Extracted records

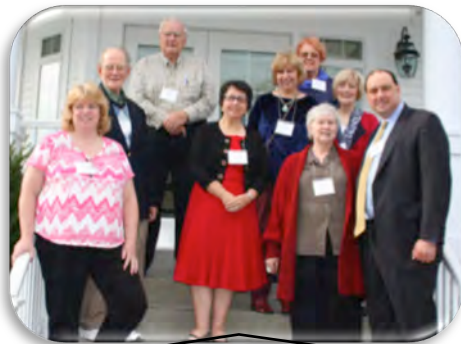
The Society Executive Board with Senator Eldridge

* * *

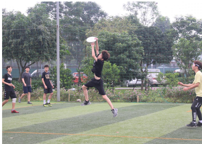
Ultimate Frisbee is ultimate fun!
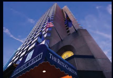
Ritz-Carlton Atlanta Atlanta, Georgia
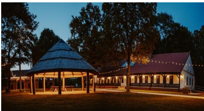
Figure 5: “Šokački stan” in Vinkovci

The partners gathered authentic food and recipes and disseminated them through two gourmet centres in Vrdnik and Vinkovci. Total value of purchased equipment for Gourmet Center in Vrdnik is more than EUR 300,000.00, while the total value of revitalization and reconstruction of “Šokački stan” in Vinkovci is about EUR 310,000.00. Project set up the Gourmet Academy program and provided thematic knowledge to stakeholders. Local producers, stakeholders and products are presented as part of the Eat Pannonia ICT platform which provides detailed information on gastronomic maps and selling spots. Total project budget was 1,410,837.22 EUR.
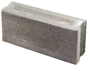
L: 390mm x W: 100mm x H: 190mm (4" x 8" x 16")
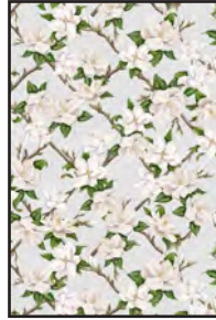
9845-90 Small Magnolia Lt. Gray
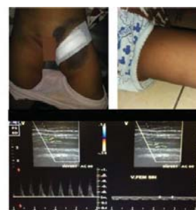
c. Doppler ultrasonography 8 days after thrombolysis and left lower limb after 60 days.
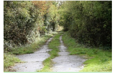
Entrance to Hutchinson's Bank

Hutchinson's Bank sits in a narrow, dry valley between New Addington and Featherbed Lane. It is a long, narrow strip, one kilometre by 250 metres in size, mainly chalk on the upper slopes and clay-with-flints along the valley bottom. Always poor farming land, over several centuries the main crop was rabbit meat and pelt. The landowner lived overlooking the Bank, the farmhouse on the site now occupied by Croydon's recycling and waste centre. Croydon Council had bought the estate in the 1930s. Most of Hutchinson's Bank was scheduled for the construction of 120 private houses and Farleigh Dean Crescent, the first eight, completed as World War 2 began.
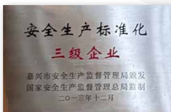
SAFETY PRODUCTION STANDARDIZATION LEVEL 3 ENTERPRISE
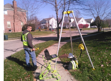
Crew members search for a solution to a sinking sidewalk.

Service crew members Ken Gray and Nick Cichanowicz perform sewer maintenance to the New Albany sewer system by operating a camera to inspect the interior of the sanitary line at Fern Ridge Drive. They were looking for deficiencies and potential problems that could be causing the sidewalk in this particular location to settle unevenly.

Work to be completed
Count how many lines in the listing above contain the word "Gray", and respond with only that number.

Answer space
2